Those who sail or make their living on the Chesapeake Bay and its tributaries know that the water is no stranger to sudden and freakish weather conditions.

Such was the case in February 1939, when a squall swept across the bay and up the Choptank River, catching the oyster-dredging fleet unaware.

And in a matter of minutes, the quickly moving storm left nine watermen dead while sending several skipjacks and bugeyes to the bottom.

The forgotten disaster was resurrected in Christopher White's recently published book, "Skipjack: The Story of America's Last Sailing Oystermen."

The weather forecast published in The Sun for Friday, Feb. 3, 1939, offered no hint of the havoc that would come later that day, offering only a prediction of "rain today and probably tomorrow; colder tonight,"

White interviewed two survivors: Daddy Art and Jimmy Daniels, who were crewing onboard the Robert L. Tawes.

"We were working on a bar called Under the Cliffs between Annapolis and Solomons. It had been raining all morning, drizzling and blowing northeast-like," Daniels told White.

It was afternoon and most of the oystermen were heading home, when "all of a sudden, the sky above the cliffs to the northwest turned dark - black as tar," Daddy Art said.

It was nearly 3 p.m.

Suddenly, the light breeze turned deadly as the squall hit full force with winds in excess of 65 mph, recalled Daniels, who said the vessel's crew was able to get the jib down but the mainsail only halfway down.

"Bringing the boat up into the wind was like hitting a wall. We threw two big anchors into the water to steady her," he said.

The Tawes heeled over in the tempest, with waves crashing over the struggling vessel and its crew. Daddy Art said it was the weight of the 150 bushels of oysters resting in the Tawes' hull that helped keep it from capsizing.

The ferocious storm ended in 10 minutes, then raced across the Chesapeake Bay, heading directly for the Choptank and the unsuspecting dredgers.

"The black squall and its waterspout - essentially a tornado - traveled across the Bay, spinning like a top," White wrote.

"Within minutes, the twister, with winds in excess of seventy miles an hour, entered the Choptank. It bypassed Tilghman Island and carved a course right up the river, lifting water into its funnel," he wrote. "It literally dug a trench through the water."

The bugeye Agnes, sloop J.T. Leonard and skipjacks Geneva May, Annie Lee and Ethel Lewis, along with seven other vessels, were picking their way homeward in a drizzling fog.

"We were spared," Daddy Art told White, "but the Cambridge dredge boats, working in the river, had no idea what was coming. They were caught in a fog.
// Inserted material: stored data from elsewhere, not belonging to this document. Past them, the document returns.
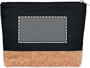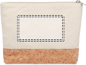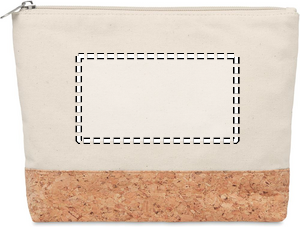 220 g/m² puuvilla kosmetiikkalaukku korkki yksityiskohdalla ja vetoketjulla. Korkki on luonnonmateriaali, strukturaalinen laatu ja pinnan huokoisuus voi aiheuttaa eroavaisuuksia tuotteissa painatuksen jälkeen. Valmistettu sertifioidun standardin mukaisesti haitallisten aineiden käytölle tekstiileissä.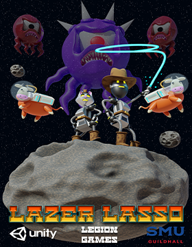 Swing into an epic space adventure and play as the friendly robotic space cowboy, Lazer Lasso. Help Lazer as he flies from asteroid-to-asteroid, ridding the galaxy of the heinous alien varmints as he searches for his lost space cows.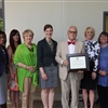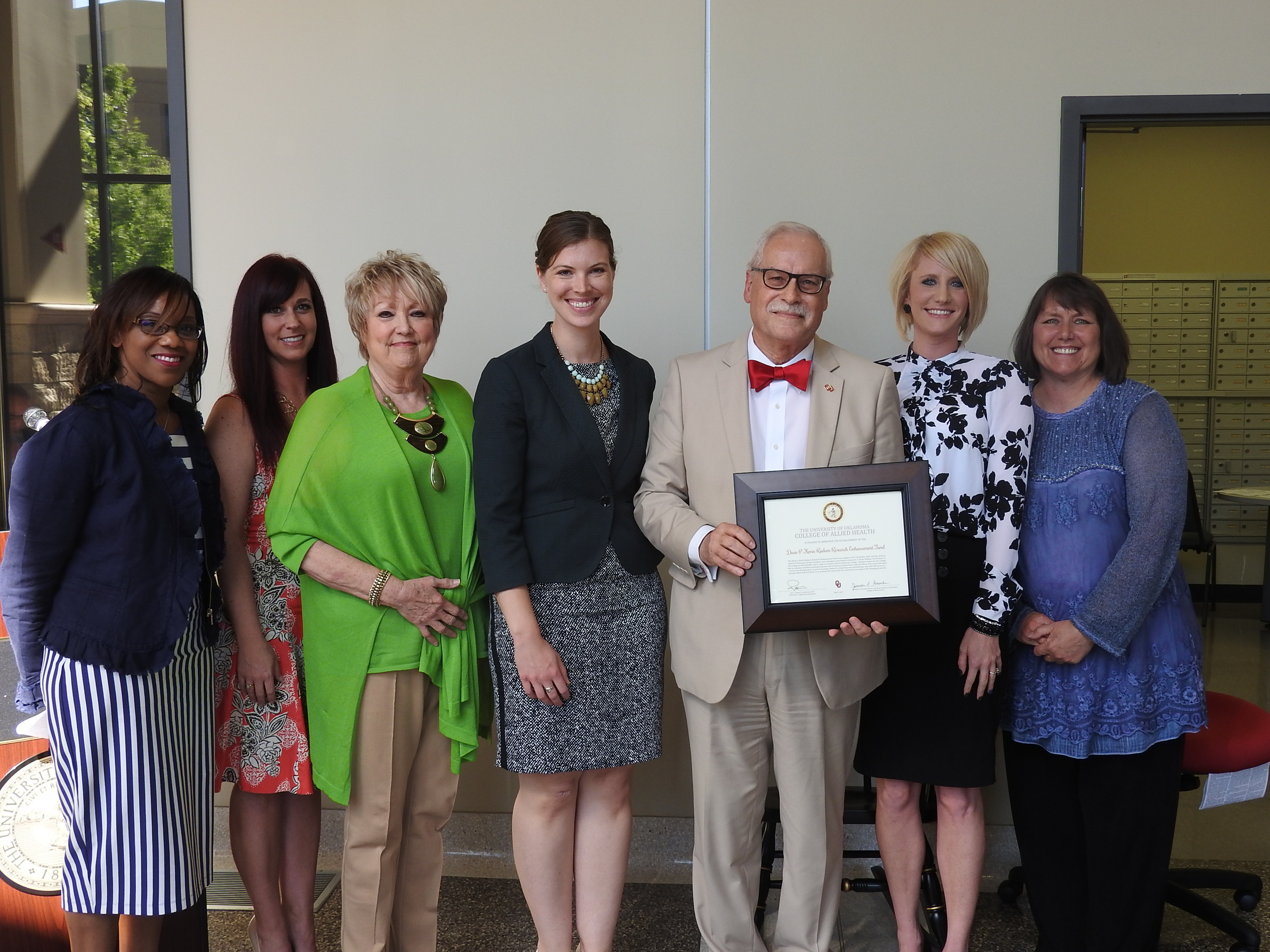 Pictured (left to right): Linda Alfred, Board of Advocates Chairperson; Leslee Smith, Staff Advisory Chairperson; Jenielle Greenlee, Staff Retiree; Dr. Leah Hoffman, Research Committee Representative; Dean P. Kevin Rudeen; Kyndall Wahkinney, Director of Alumni Affairs and Development; Dr. Shirley James, Faculty Board Chairperson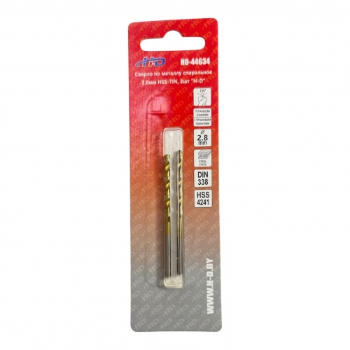 Сверло по металлу спиральное 2.8мм HSS-TiN, 2шт "H-D"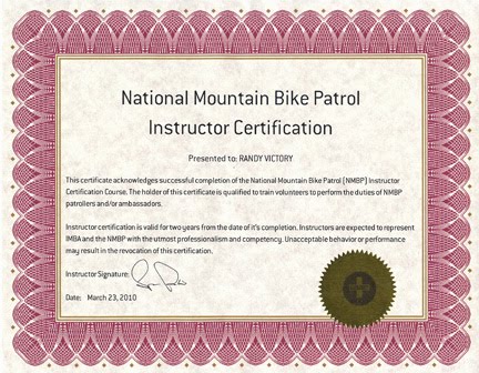 Verde Valley cylist, and CAzBike Northern Arizona Representative, Randy Victory has earned an Instructor’s Certificate from the National Mountain Bike Patrol organization. Randy is now qualified to train volunteers to perfom the duties of NMBP patrollers and/or ambassadors.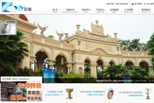 雙瑜建筑 雙瑜專業設計、制造、安裝、銷售建筑構件(GRC)及人造文化石等裝飾建材系列產品,規格品種達上千種,產品均通過中國國家級檢測。年產量達100萬平方米以上,產品暢銷國內外。 查看案例介紹

We didn't have radios back then so we couldn't warn them."

The watermen couldn't even see the storm that was about to destroy them.

"The leading wind - from the northwest now - grew fierce, topping sixty miles an hour. And the twister had not arrived," White wrote.

And when it did come, White described the wind as looking "like black smoke over the water. No whitecaps. The wind was faster than the waves. Then it rolled right over the fleet."

By the time the wind slammed into Howell Point, White wrote, it had reached hurricane force.

"The storm bore down on us like a rushing freight train," Willie Parks, a crewman, told a reporter.

The wind now assumed a weird squealing sound as it made a direct hit on the Annie Lee, Agnes and Nora Lawson, which was pushed onto a shoal off Howell Point.

Capt. William Bradford, 77, who was "believed to have been the oldest oyster-boat captain on Chesapeake Bay," reported The Sun, was swept to his death from the Agnes, along with four of his African-American crewmen.

The Annie Lee's captain, Theodore Woodland, and his crew of four were initially luckier. As the howling winds spun the skipjack around and it laid over, all hands were able to make their way to a trailing skiff.

From the small skiff, they watched as their vessel sank off Howell Point bar.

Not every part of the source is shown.